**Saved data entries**
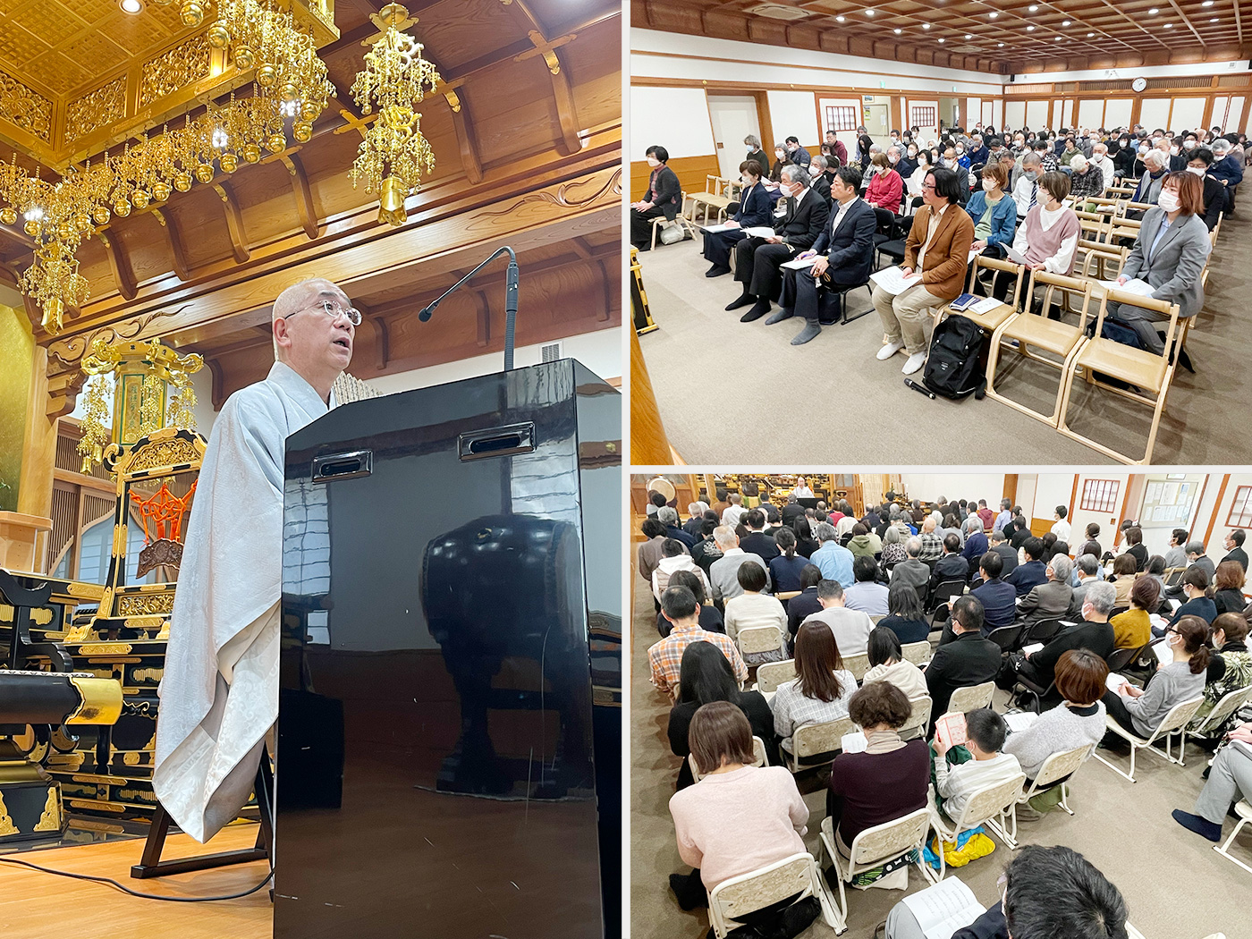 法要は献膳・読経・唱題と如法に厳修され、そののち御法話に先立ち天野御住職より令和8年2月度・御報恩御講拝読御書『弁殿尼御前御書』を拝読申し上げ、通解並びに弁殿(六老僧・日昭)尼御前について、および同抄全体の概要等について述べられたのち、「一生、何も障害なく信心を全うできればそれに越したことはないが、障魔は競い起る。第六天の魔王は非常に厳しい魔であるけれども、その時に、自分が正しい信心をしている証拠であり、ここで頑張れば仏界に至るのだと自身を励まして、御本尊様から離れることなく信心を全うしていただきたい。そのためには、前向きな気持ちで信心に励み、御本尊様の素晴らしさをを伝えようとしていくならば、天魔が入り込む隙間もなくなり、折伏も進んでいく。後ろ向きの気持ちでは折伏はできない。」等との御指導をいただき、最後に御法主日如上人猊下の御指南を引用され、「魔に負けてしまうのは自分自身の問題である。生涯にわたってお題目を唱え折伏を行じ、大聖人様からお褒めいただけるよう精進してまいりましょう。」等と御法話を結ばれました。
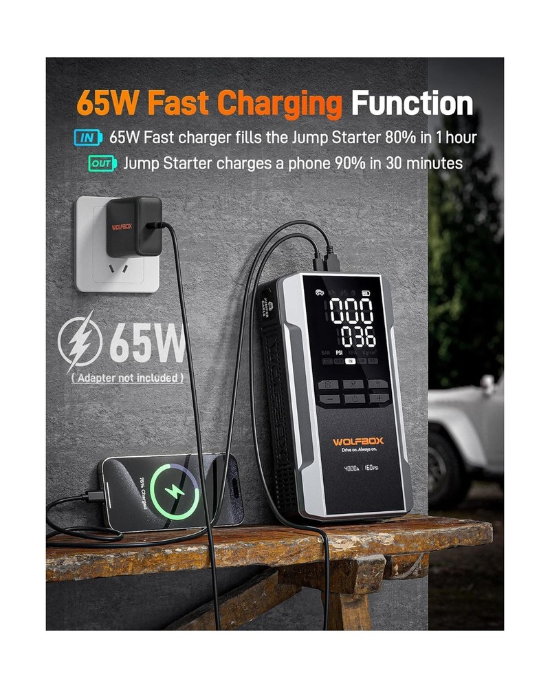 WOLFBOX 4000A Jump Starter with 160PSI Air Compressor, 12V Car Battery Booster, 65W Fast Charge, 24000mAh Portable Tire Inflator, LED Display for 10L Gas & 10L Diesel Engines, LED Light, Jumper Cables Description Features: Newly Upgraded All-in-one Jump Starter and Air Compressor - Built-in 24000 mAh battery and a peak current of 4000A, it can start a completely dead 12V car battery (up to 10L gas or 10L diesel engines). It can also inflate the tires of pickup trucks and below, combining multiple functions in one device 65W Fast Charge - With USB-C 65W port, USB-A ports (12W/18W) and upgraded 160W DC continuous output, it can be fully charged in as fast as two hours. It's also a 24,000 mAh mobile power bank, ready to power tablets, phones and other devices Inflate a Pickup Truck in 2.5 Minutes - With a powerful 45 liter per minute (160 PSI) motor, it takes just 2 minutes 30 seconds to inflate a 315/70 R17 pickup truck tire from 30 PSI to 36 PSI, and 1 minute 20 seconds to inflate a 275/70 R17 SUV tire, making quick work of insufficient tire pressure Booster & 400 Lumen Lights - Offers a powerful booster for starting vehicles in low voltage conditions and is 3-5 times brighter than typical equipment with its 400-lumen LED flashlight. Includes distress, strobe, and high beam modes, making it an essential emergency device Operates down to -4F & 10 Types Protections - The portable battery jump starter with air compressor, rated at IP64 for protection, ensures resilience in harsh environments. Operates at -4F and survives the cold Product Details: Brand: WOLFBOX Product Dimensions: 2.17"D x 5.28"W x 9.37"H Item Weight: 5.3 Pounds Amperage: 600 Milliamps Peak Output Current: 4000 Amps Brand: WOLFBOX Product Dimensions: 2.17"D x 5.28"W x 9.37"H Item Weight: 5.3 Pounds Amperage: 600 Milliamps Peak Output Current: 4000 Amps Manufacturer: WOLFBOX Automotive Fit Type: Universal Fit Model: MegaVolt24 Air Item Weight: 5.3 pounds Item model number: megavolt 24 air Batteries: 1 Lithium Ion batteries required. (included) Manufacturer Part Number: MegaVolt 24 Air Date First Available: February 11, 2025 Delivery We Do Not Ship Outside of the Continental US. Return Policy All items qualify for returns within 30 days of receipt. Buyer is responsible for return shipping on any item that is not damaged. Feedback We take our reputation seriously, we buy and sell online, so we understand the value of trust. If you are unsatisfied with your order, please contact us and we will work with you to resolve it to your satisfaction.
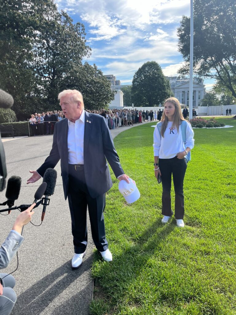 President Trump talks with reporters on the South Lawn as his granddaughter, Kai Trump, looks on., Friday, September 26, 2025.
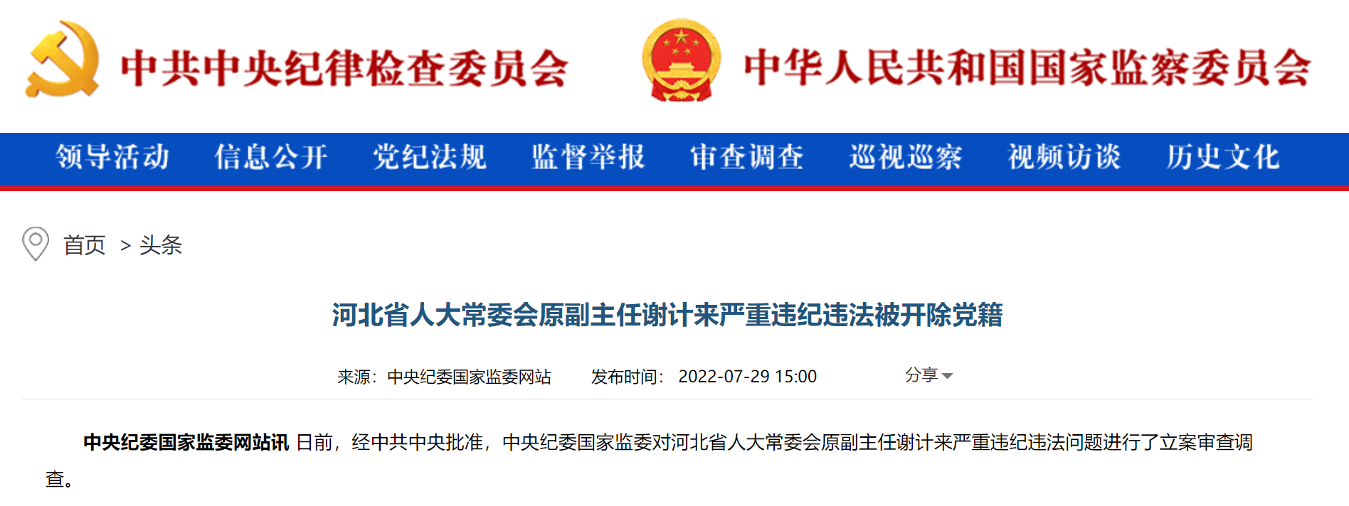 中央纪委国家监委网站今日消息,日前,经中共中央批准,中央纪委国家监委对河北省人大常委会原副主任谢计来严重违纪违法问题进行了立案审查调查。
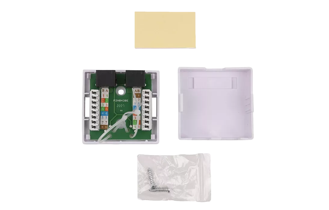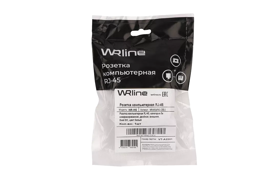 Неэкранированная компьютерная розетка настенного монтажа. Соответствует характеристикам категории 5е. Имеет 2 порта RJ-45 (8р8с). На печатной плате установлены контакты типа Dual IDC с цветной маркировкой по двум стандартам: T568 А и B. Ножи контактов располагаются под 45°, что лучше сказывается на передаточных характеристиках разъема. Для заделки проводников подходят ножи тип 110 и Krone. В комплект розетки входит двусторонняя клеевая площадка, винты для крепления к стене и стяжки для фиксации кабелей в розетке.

**What to do**
Copy only what runs above from the line containing "President Trump talks" through the line containing "中央纪委国家监委网站今日消息", exactly. Leave out the pictures.

**Your response**
 President Trump talks with reporters on the South Lawn as his granddaughter, Kai Trump, looks on., Friday, September 26, 2025.
 中央纪委国家监委网站今日消息,日前,经中共中央批准,中央纪委国家监委对河北省人大常委会原副主任谢计来严重违纪违法问题进行了立案审查调查。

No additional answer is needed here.